After work I took the train down to the Gold Coast and met up with the 'rents at McCormick & Schmick's Chesnut Street location. When No-Longer-Wayward and I went to their wine/fish event a few months back we got goodie bags at the end. The main goody was a $75 gift certificate for the restaurant. Very generous! Anywho, originally that's why we (my parents and I) were going to eat there. But then -with work, hangovers, lack of functioning phones and general miscommunication- we ended up not having that certificate but eating there nonetheless. I started with Imperial Eagle Oysters after asking our waiter, Bart or Mark (we never were quite sure of his name), what oyster they had that shared the most in terms of taste/size as Kumamotos (as they had none of the wee little beauties). Though, in the end, not as similar, the Eagles were quite good. Larger than kumamotos, they had a less delicate or refined taste but a striking and a more-complex-than-the-gulf bay oysters-I-most-recently have-consumed (and enjoyed...take that stupid Savannah restaurant)-in-large-quantaties, shit that sentence has completely gotten away from me. The point? They were good, briny and different.

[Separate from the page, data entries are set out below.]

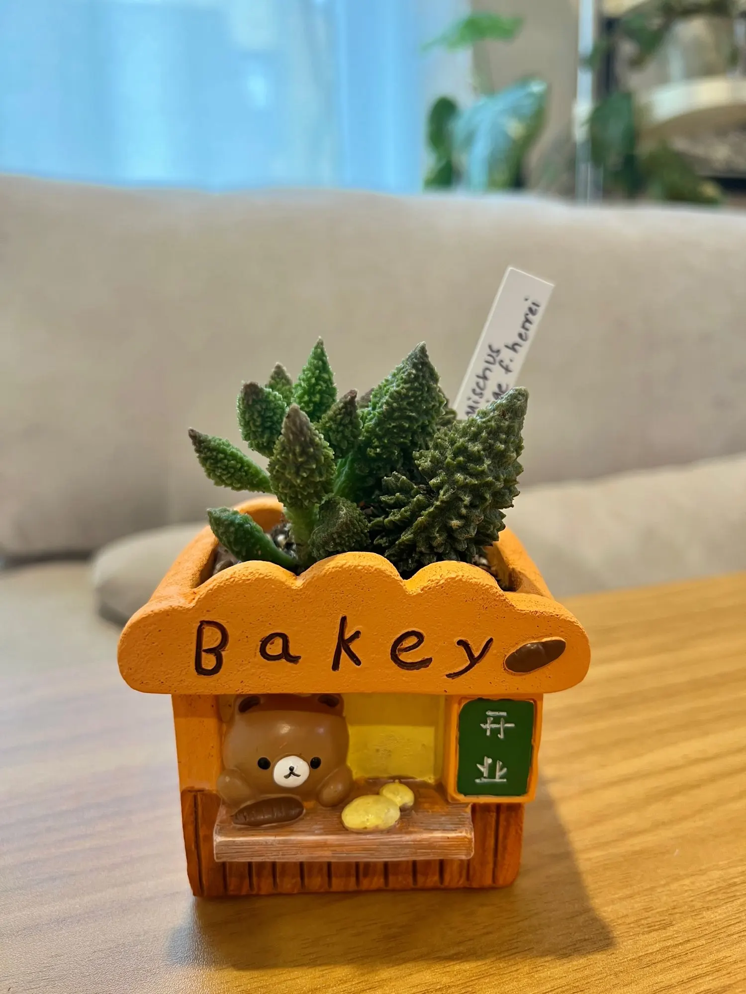 Cute bear bakery planter held in hands, whimsical decor from Germiant
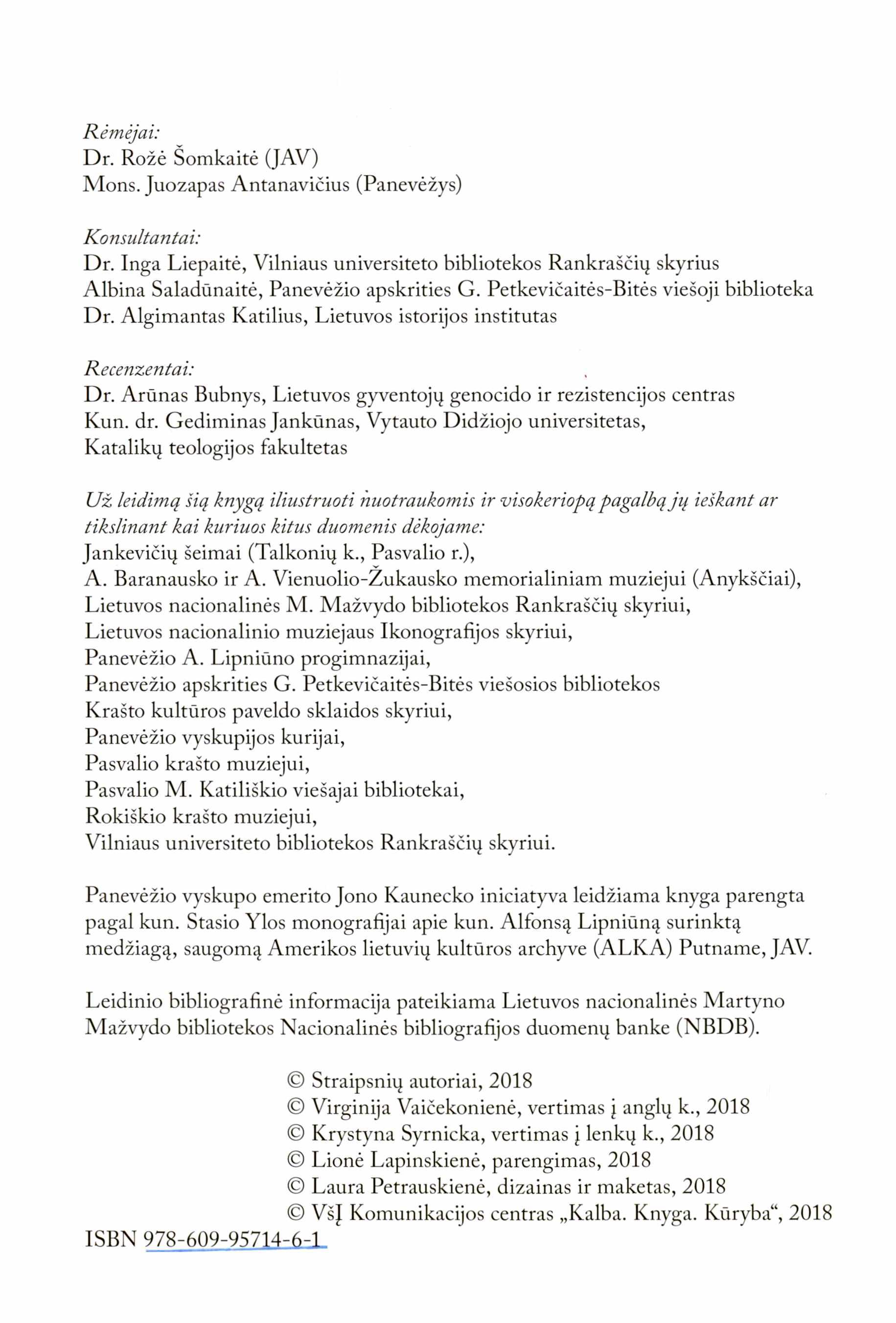 | Antraštė | Kunigas Alfonsas Lipniūnas: monografijos apmatai / Stasys Yla. – Panevėžys: Komunikacijos centras "Kalba. Knyga. Kūryba", 2018. – 214 p. [lt] |
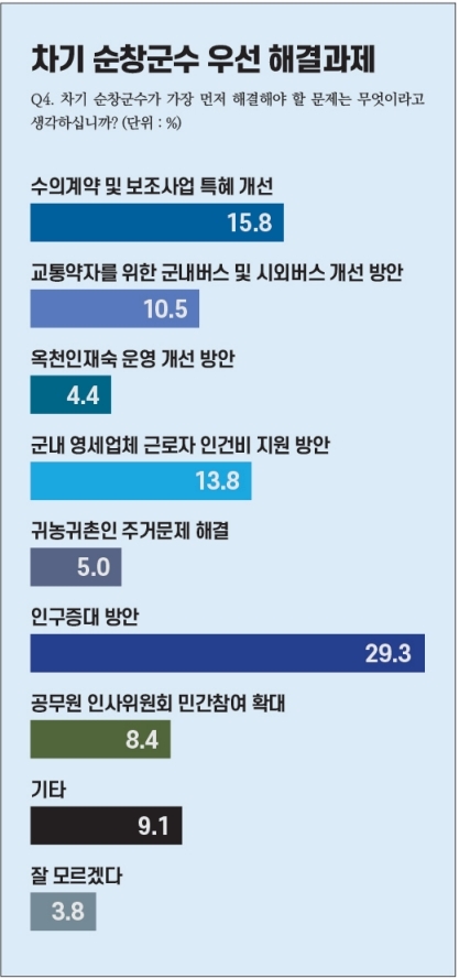 인구증대방안 29.3%, 수의계약 및 보조사업 특혜 개선 15.8%, 군내 영세업체 근로자 인건비 지원 방안 13.8%, 교통약자를 위한 군내버스와 시외버스 개선 방안 10.5%, 공무원 인사위원회 민간참여 확대 8.4%, 귀농귀촌인 주거문제 해결 5.0%, 옥천인재숙 운영 개선 방안 4.4%, 기타 9.1%, 잘 모르겠음 3.8%
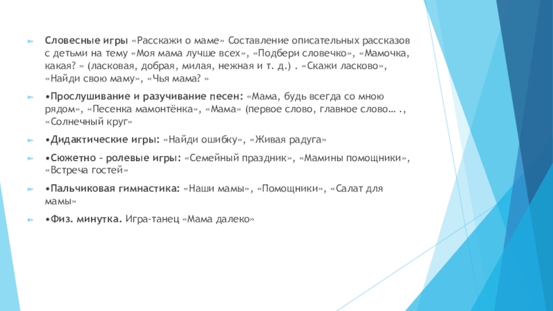 Слайд 12Словесные игры «Расскажи о маме» Составление описательных рассказов с детьми на тему
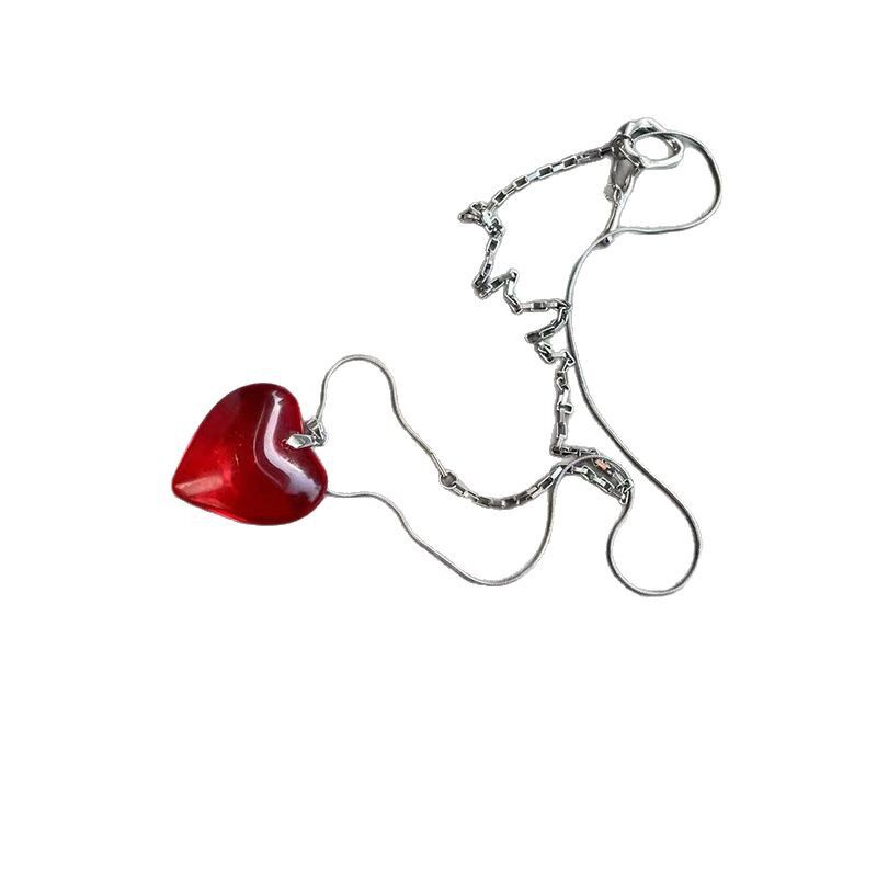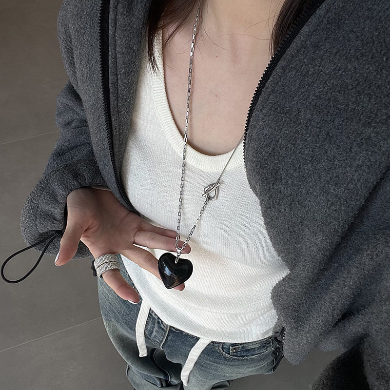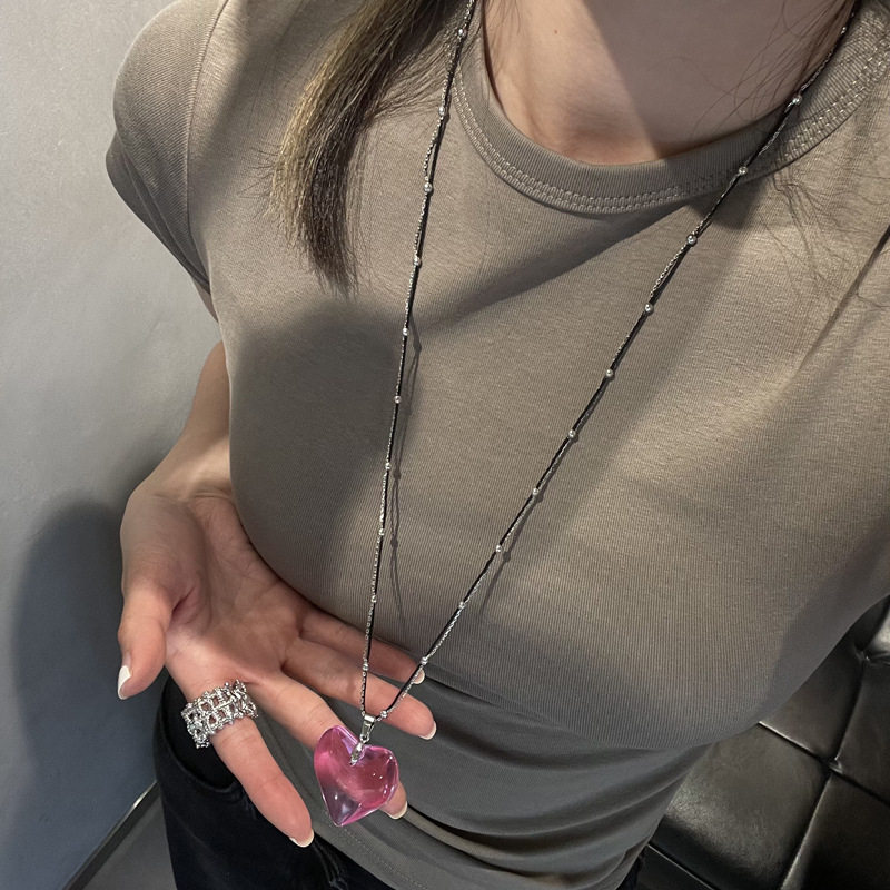 钛钢不掉色长款项链爱心透明小众设计款辣妹可调节颈链毛衣链挂脖

All three of us had lobsters for our dinner. Perhaps not the meatiest I've ever had, the meat was tender and, at the end, I was entirely satiated without being stuffed. I even took the time and effort to get the meat out of each little leg...actually I started that way....the way one goes about eating a lobster is interesting. You either start with the best part (arguably the tail) or the very close runners up (claws) and then to the itty bitty leglets. Or you start with the worst (leglets) and slowly move on to the best...running the risk of getting full before your last bite of tail (hee hee).
It was good. How any one could fuck up a steamed lobster is almost impossible to imagine.
For dessert we had the creme brulee...which was entirely forgettable but not bad.